-- Description of the task --
Word for word, restate the listing that follows and leave out the images.

-- Provided material --
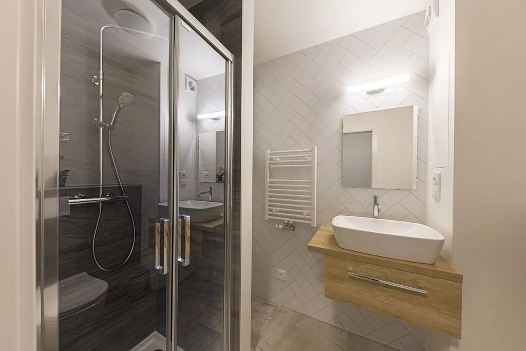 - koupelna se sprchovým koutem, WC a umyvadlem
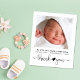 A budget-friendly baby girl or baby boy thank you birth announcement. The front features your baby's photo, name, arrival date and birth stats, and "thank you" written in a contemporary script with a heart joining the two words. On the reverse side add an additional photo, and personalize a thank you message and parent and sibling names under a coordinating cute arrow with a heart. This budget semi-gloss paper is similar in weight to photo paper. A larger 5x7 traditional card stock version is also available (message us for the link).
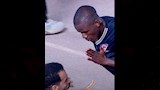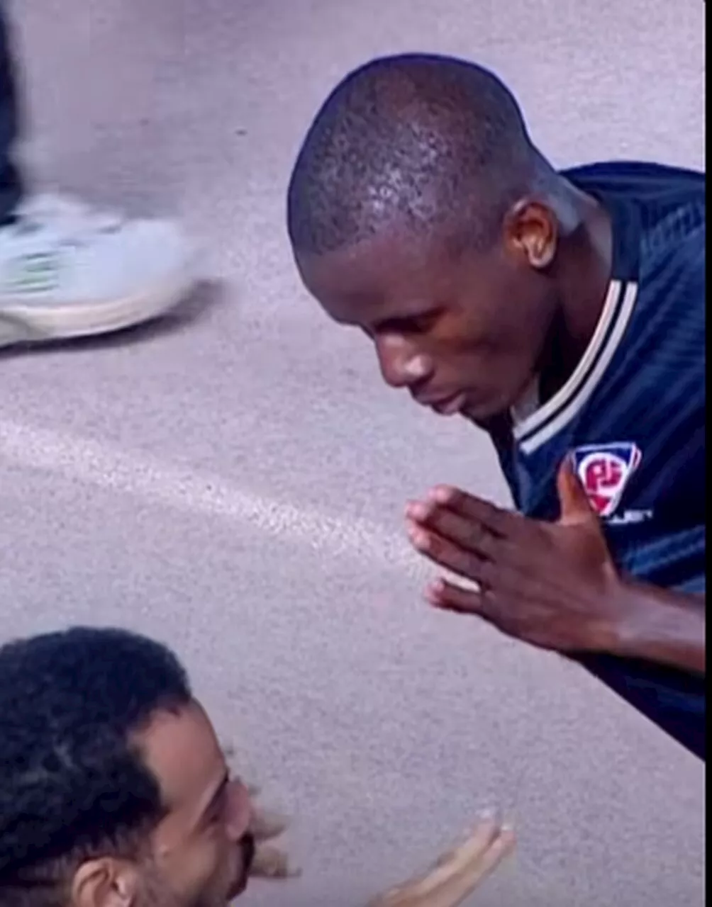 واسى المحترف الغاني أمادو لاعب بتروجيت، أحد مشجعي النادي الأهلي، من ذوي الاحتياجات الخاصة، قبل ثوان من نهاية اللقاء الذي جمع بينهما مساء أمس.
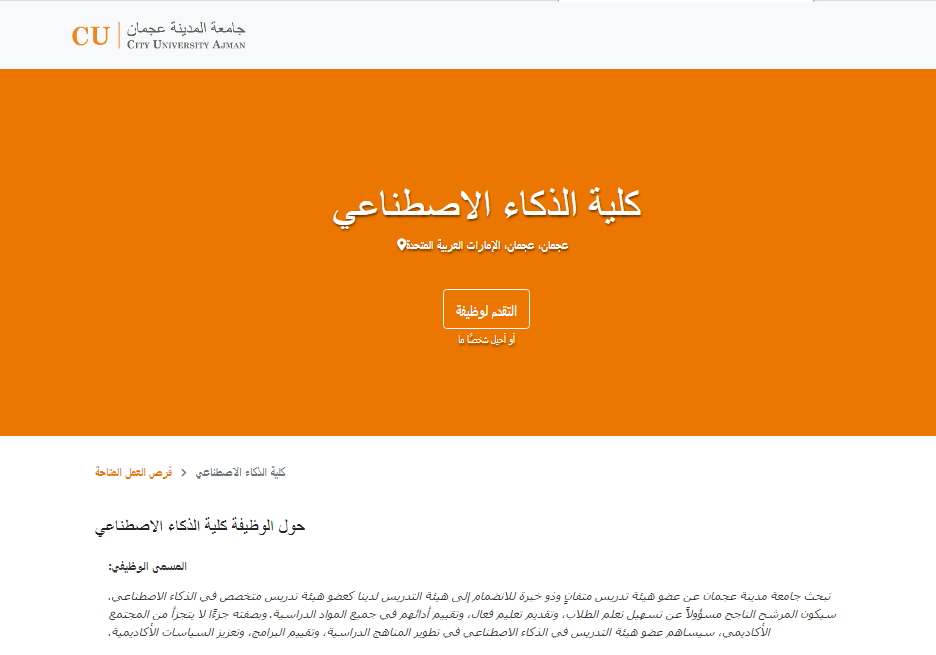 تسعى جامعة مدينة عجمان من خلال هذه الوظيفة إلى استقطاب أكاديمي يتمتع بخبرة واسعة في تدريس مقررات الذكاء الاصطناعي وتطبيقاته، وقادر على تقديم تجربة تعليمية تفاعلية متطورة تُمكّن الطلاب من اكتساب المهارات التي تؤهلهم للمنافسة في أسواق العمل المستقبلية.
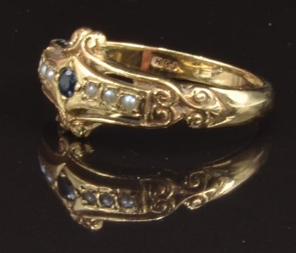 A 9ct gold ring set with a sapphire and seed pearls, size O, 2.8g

-- Response to this task --
 - koupelna se sprchovým koutem, WC a umyvadlem
 A budget-friendly baby girl or baby boy thank you birth announcement. The front features your baby's photo, name, arrival date and birth stats, and "thank you" written in a contemporary script with a heart joining the two words. On the reverse side add an additional photo, and personalize a thank you message and parent and sibling names under a coordinating cute arrow with a heart. This budget semi-gloss paper is similar in weight to photo paper. A larger 5x7 traditional card stock version is also available (message us for the link).
 واسى المحترف الغاني أمادو لاعب بتروجيت، أحد مشجعي النادي الأهلي، من ذوي الاحتياجات الخاصة، قبل ثوان من نهاية اللقاء الذي جمع بينهما مساء أمس.
 تسعى جامعة مدينة عجمان من خلال هذه الوظيفة إلى استقطاب أكاديمي يتمتع بخبرة واسعة في تدريس مقررات الذكاء الاصطناعي وتطبيقاته، وقادر على تقديم تجربة تعليمية تفاعلية متطورة تُمكّن الطلاب من اكتساب المهارات التي تؤهلهم للمنافسة في أسواق العمل المستقبلية.
 A 9ct gold ring set with a sapphire and seed pearls, size O, 2.8g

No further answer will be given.